For 75 years, the number “1984” has represented a numerical nightmare. Those four digits have been brandished in screaming headlines, blaring soundbites, a BBC teleplay that resulted in heart attacks and even deaths of viewers (in December 1954), and the Washington hotline of the John Birch Society, the far-right American advocacy group. (“Call 202-659-­[pause]1-­9-­8-­4! NOW!” proclaimed the old JBS ads.)
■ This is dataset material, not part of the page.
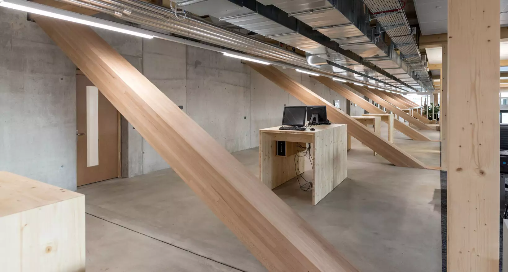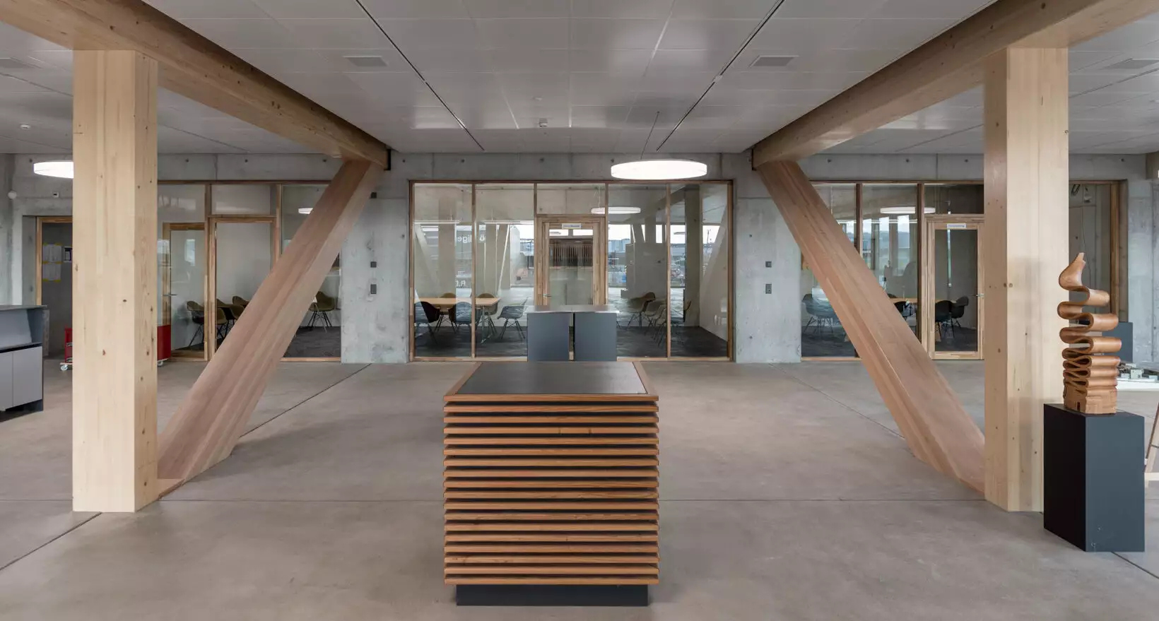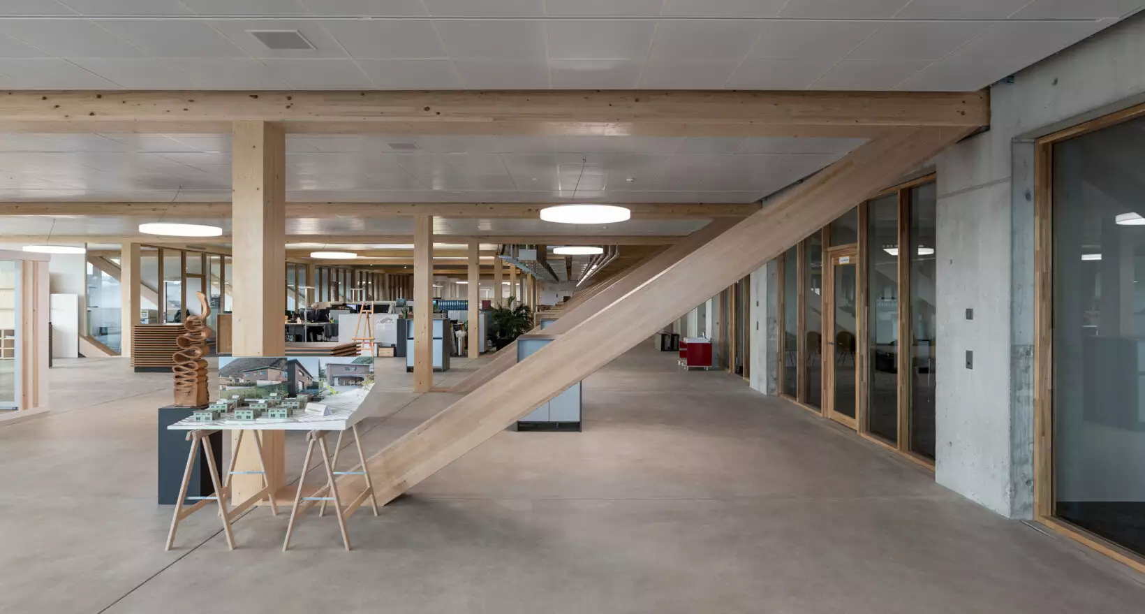 La structure porteuse du bâtiment a été fournie par Fagus Suisse SA, qui a mis en œuvre son savoir-faire dans l’ingénierie du bois pour concevoir un système d’appuis à la fois robuste et visuellement élégant. Les poutres inclinées et les colonnes massives définissent un rythme architectural fort, offrant à l’intérieur un sentiment d’ouverture et de légèreté.

Indeed, the world of Oceania in George Orwell’s famous novel is routinely described as diabolical, oppressive, and hopeless, and variously deemed a horror story, an elegy, a threnody, a shriek of terror, a wail of despair, a death cry. Isaac Deutscher, the biographer of both Leon Trotsky and Joseph Stalin, referred to it in 1955—in the wake of the controversial BBC broadcasts and their “fatal” consequences—as the “Black Millennium,” when George Orwell turned a segment of time forever into charcoal dust. Literary and cultural critics have described 1984—or rather Nineteen Eighty-Four, to use the British title that Orwell himself preferred—as the vengeful death wish of a cynic, the tubercular projection of a dying man, the paranoid fantasy of a writer in despair, the Schadenfreude of a neurotic adult schoolboy who sent the entire world to room 101, and a totalitarian tract devised as a desperate invalid’s futile protest against the specter of totalitarianism, whether in the form of Hitler’s on the right or Stalin’s on the left.

Nineteen Eighty-Four is none of these.

Rather, it is instead an affirming flame, even an optimistic vision of a hope-filled time just over the horizon.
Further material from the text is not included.